*Your goal*
Starting with the line that holds "Lombok Timur (Inside" and stopping after the line that holds "核心亮点在于LoomOS 2", repeat the lines below word for word, without the pictures.

*Source data*

►

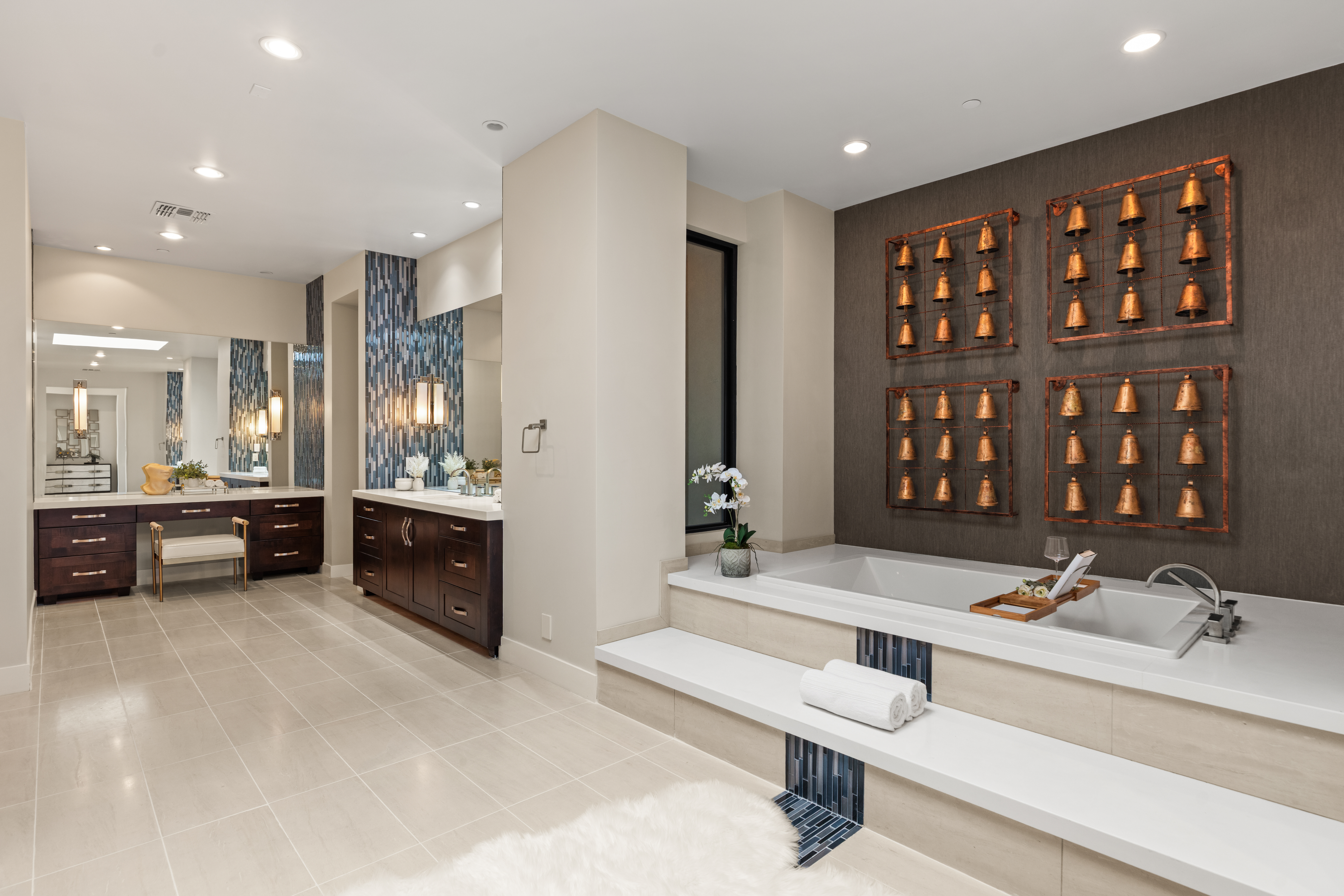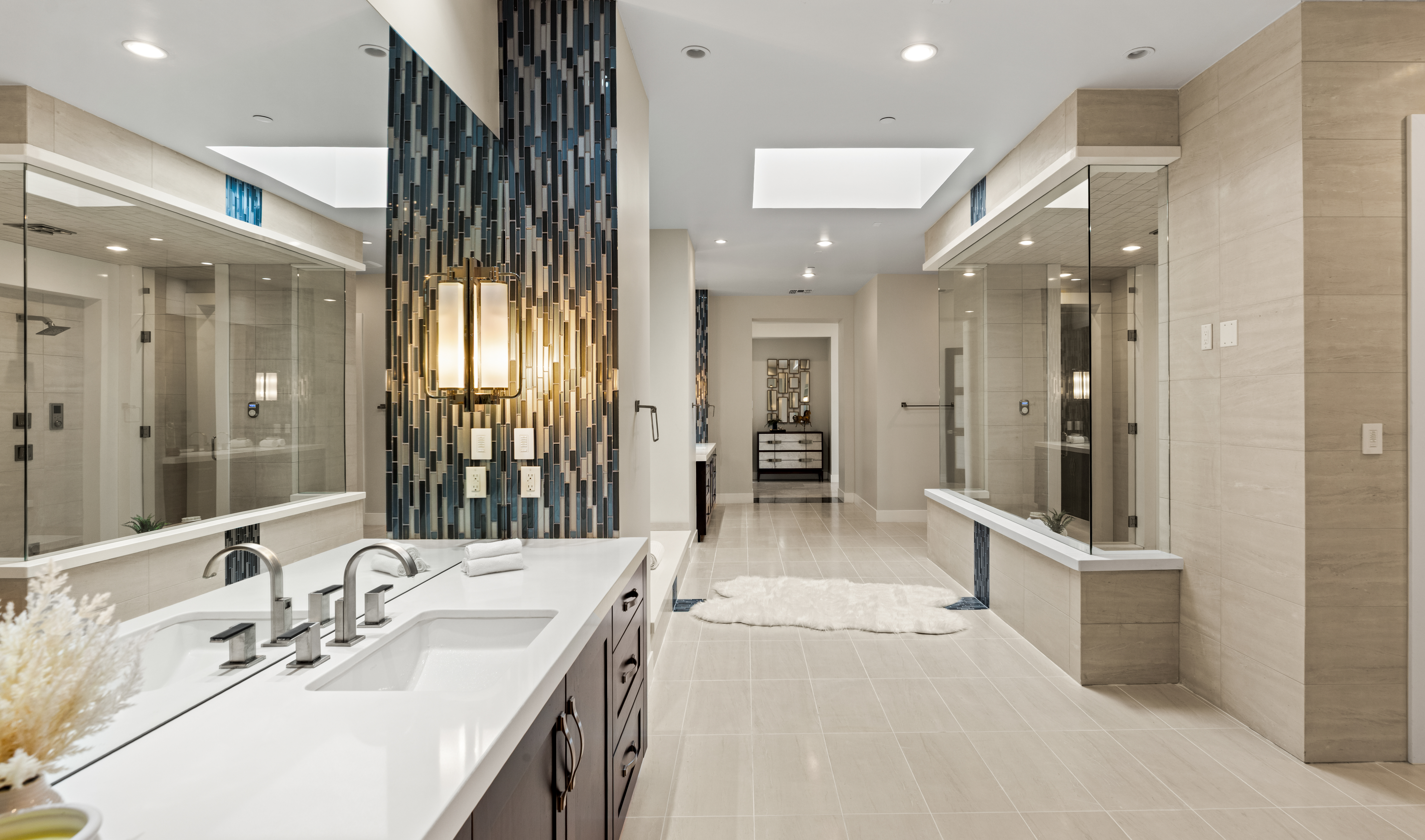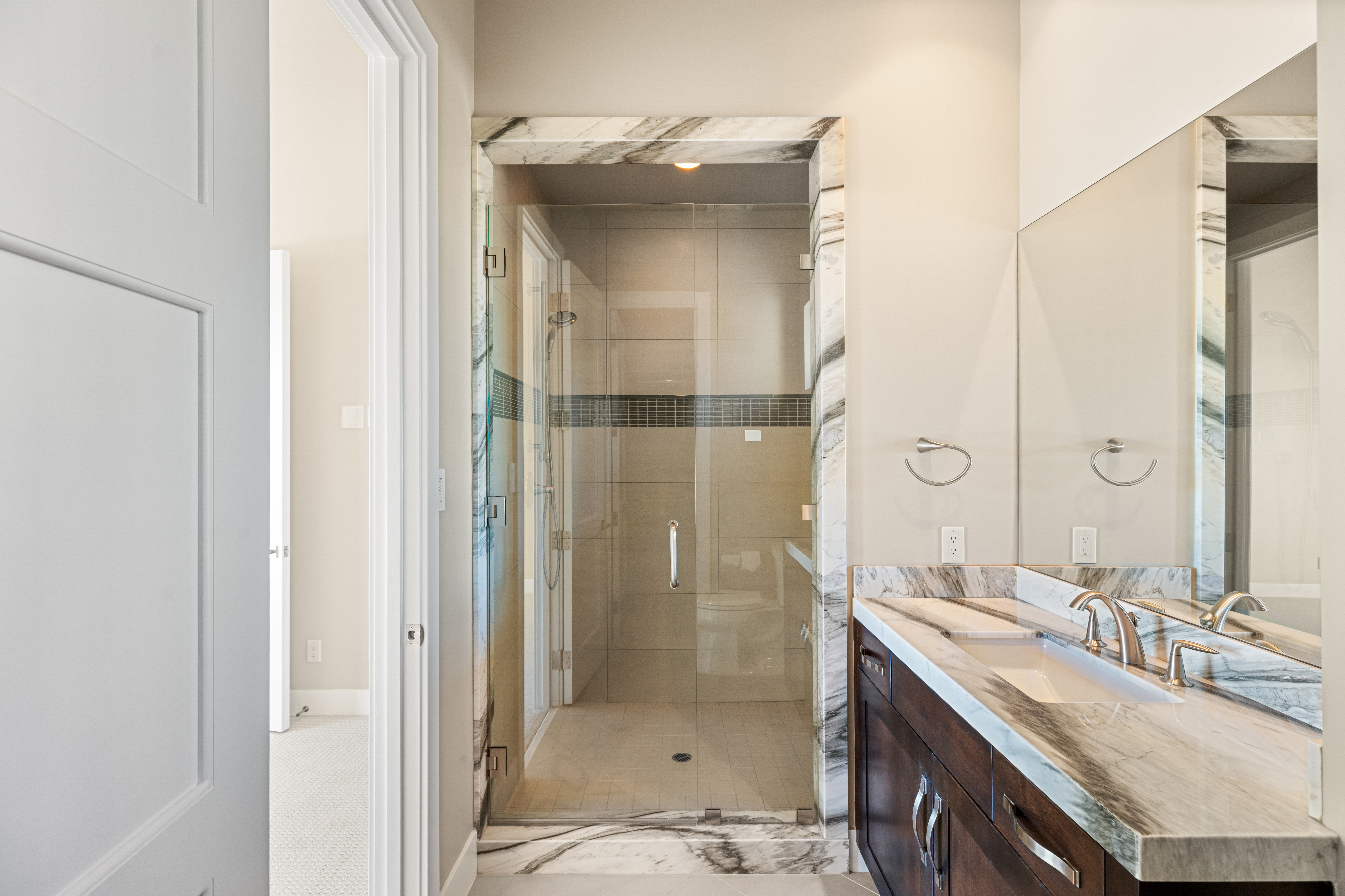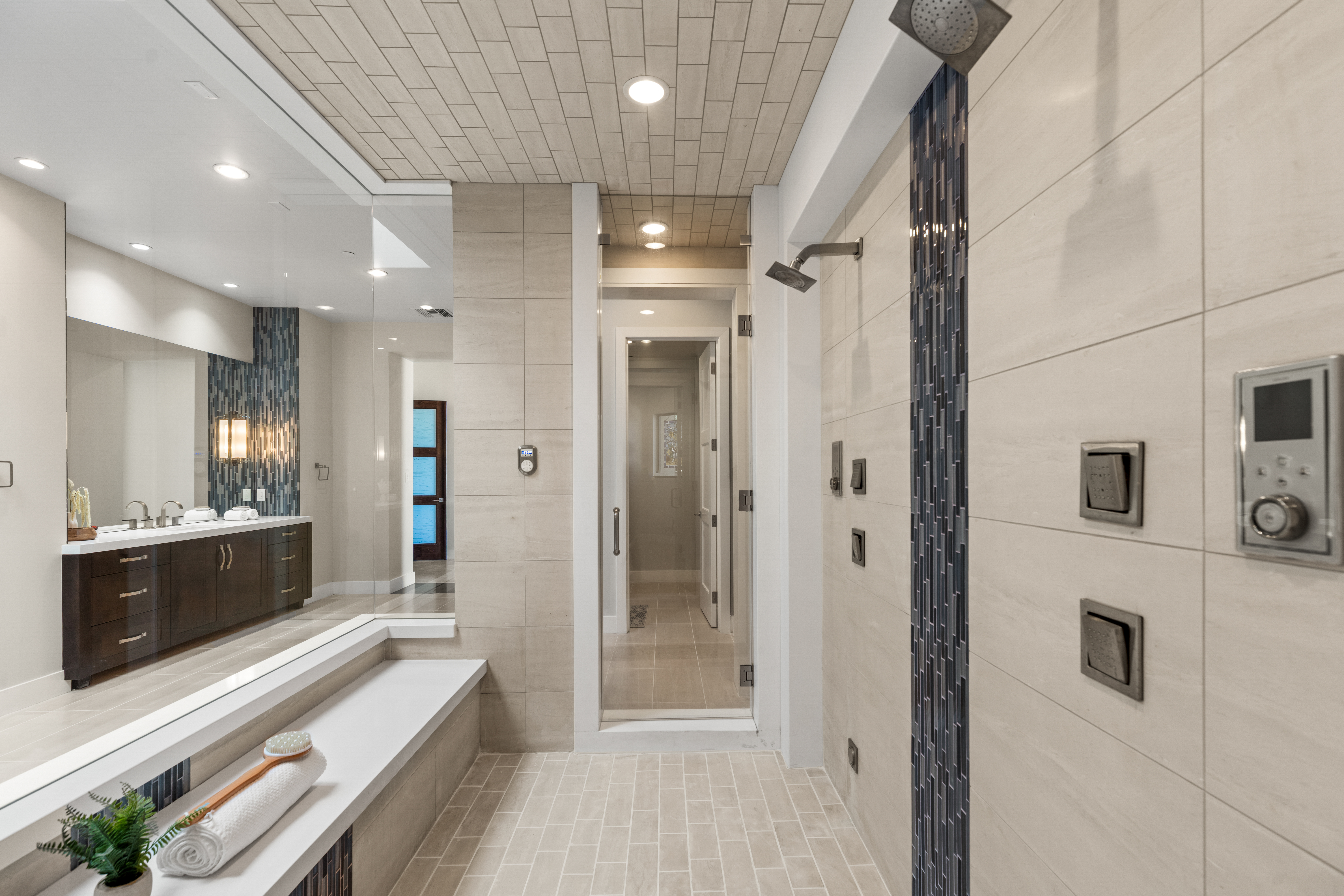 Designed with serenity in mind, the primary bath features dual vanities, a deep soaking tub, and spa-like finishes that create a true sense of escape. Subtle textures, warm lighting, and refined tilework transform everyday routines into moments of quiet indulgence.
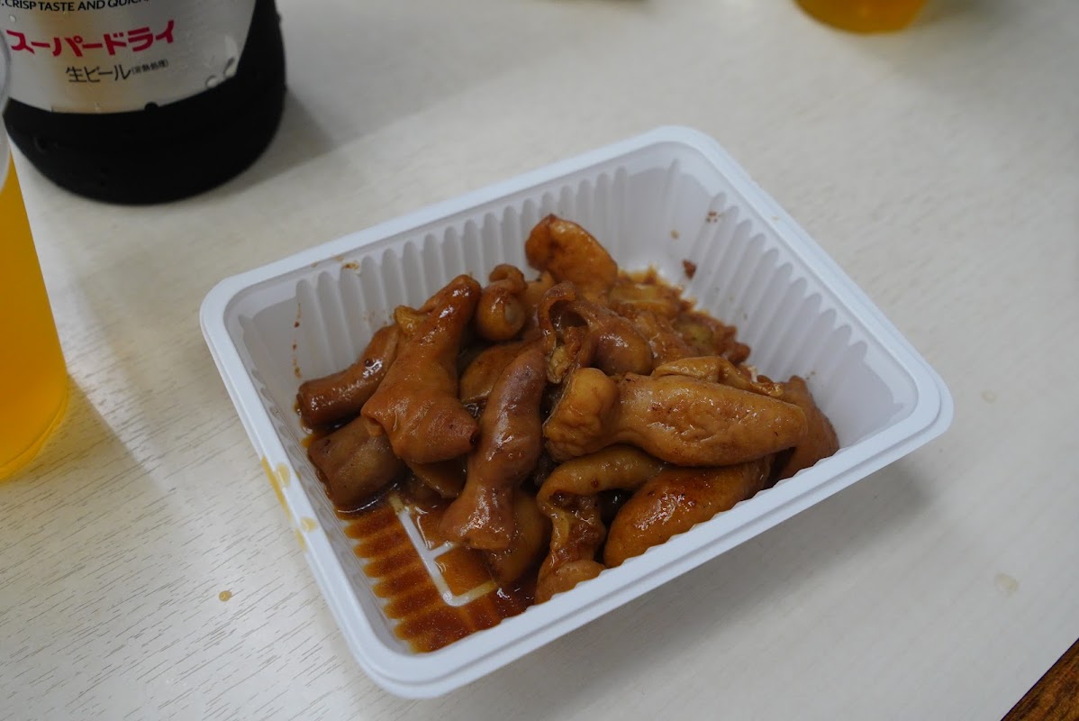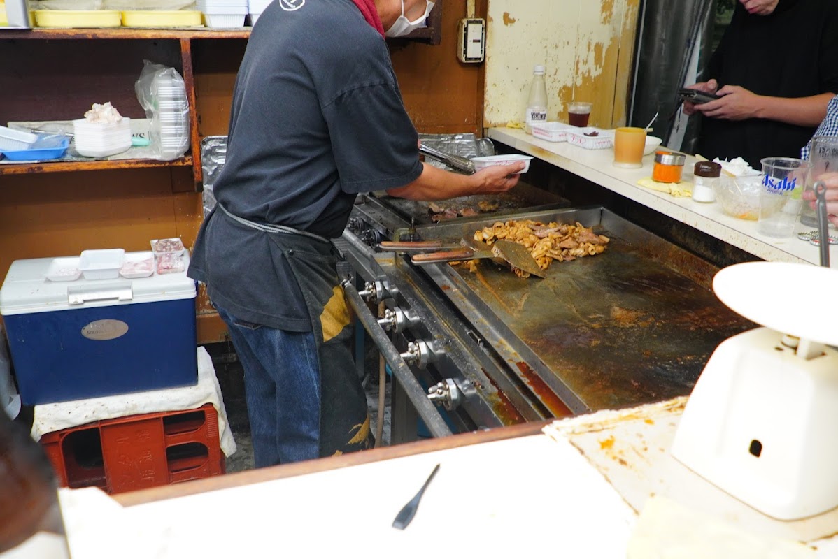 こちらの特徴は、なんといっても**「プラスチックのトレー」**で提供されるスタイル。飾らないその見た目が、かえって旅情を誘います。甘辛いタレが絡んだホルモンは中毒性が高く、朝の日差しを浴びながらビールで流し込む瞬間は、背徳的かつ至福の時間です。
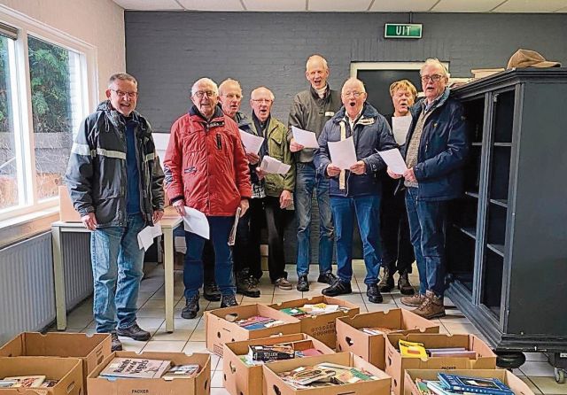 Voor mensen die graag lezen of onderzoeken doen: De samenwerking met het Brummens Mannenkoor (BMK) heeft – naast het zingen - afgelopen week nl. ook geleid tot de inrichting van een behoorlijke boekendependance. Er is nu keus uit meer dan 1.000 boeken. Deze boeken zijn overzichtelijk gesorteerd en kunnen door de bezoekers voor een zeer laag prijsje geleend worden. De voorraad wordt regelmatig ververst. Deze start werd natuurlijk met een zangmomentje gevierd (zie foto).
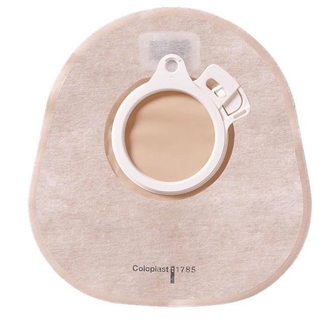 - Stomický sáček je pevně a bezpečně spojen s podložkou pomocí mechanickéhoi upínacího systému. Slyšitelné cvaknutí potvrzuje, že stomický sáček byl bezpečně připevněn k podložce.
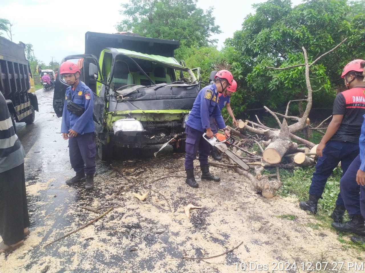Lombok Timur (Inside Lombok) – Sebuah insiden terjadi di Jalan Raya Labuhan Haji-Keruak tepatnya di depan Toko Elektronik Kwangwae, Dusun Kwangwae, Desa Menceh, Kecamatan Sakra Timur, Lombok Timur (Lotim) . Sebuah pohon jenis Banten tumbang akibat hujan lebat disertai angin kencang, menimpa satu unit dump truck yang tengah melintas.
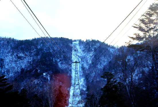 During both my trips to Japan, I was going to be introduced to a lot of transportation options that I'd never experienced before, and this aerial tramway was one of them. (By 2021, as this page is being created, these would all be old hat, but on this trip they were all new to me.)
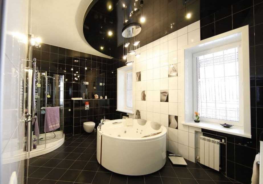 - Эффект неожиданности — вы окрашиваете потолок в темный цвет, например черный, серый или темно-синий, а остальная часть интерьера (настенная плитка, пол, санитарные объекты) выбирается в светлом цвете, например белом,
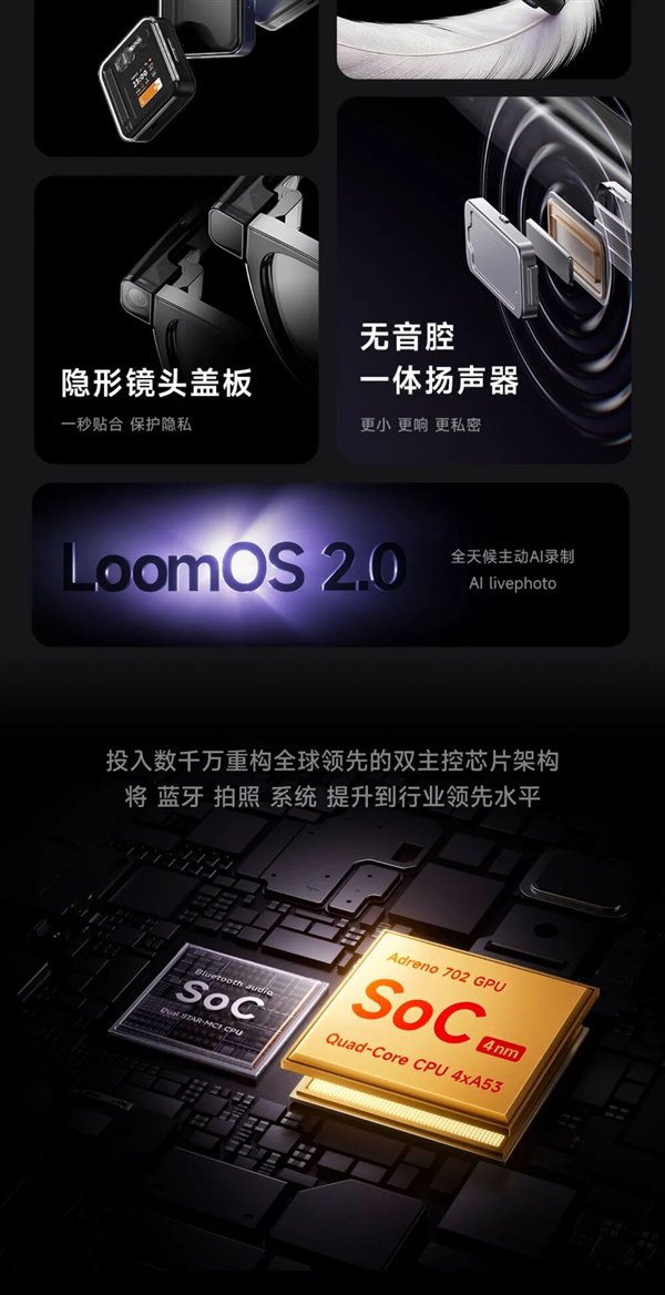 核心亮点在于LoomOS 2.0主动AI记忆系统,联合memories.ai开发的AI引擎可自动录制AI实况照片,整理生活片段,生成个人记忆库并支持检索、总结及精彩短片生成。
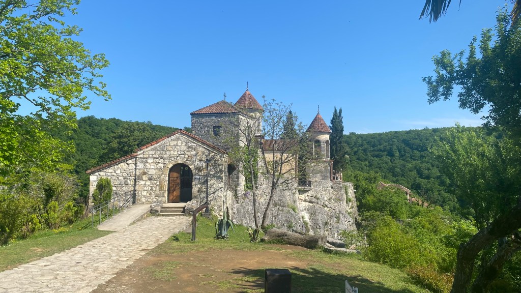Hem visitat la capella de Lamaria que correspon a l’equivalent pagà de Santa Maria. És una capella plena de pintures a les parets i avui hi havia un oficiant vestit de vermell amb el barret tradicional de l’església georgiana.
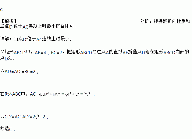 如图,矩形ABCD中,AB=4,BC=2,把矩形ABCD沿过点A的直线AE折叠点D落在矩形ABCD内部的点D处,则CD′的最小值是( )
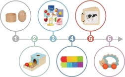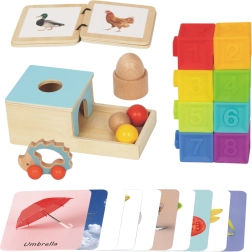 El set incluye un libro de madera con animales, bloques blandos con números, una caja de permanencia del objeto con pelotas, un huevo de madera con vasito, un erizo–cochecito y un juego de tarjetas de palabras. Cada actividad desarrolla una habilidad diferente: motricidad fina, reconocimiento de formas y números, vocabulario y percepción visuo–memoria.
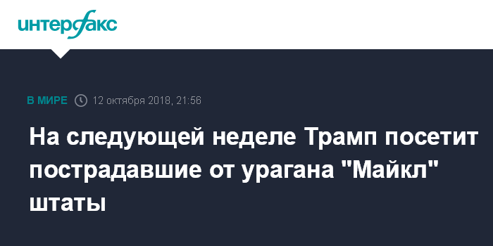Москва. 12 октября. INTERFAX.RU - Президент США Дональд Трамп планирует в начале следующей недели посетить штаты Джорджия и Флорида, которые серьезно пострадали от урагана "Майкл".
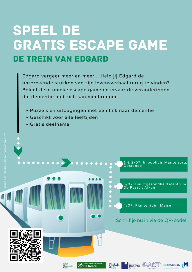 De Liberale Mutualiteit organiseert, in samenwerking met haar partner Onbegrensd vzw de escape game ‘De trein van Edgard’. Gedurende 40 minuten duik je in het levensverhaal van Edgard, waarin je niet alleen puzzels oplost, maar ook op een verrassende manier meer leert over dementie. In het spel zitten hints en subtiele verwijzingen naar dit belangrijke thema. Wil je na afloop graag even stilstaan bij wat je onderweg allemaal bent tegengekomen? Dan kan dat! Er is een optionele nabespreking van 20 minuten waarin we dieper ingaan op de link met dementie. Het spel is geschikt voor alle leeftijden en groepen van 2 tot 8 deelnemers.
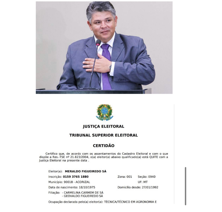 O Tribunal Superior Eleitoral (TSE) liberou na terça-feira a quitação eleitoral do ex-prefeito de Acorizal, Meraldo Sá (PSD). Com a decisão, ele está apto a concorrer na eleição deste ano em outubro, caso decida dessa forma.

◄

*Answer to the problem*
Lombok Timur (Inside Lombok) – Sebuah insiden terjadi di Jalan Raya Labuhan Haji-Keruak tepatnya di depan Toko Elektronik Kwangwae, Dusun Kwangwae, Desa Menceh, Kecamatan Sakra Timur, Lombok Timur (Lotim) . Sebuah pohon jenis Banten tumbang akibat hujan lebat disertai angin kencang, menimpa satu unit dump truck yang tengah melintas.
 During both my trips to Japan, I was going to be introduced to a lot of transportation options that I'd never experienced before, and this aerial tramway was one of them. (By 2021, as this page is being created, these would all be old hat, but on this trip they were all new to me.)
 - Эффект неожиданности — вы окрашиваете потолок в темный цвет, например черный, серый или темно-синий, а остальная часть интерьера (настенная плитка, пол, санитарные объекты) выбирается в светлом цвете, например белом,
 核心亮点在于LoomOS 2.0主动AI记忆系统,联合memories.ai开发的AI引擎可自动录制AI实况照片,整理生活片段,生成个人记忆库并支持检索、总结及精彩短片生成。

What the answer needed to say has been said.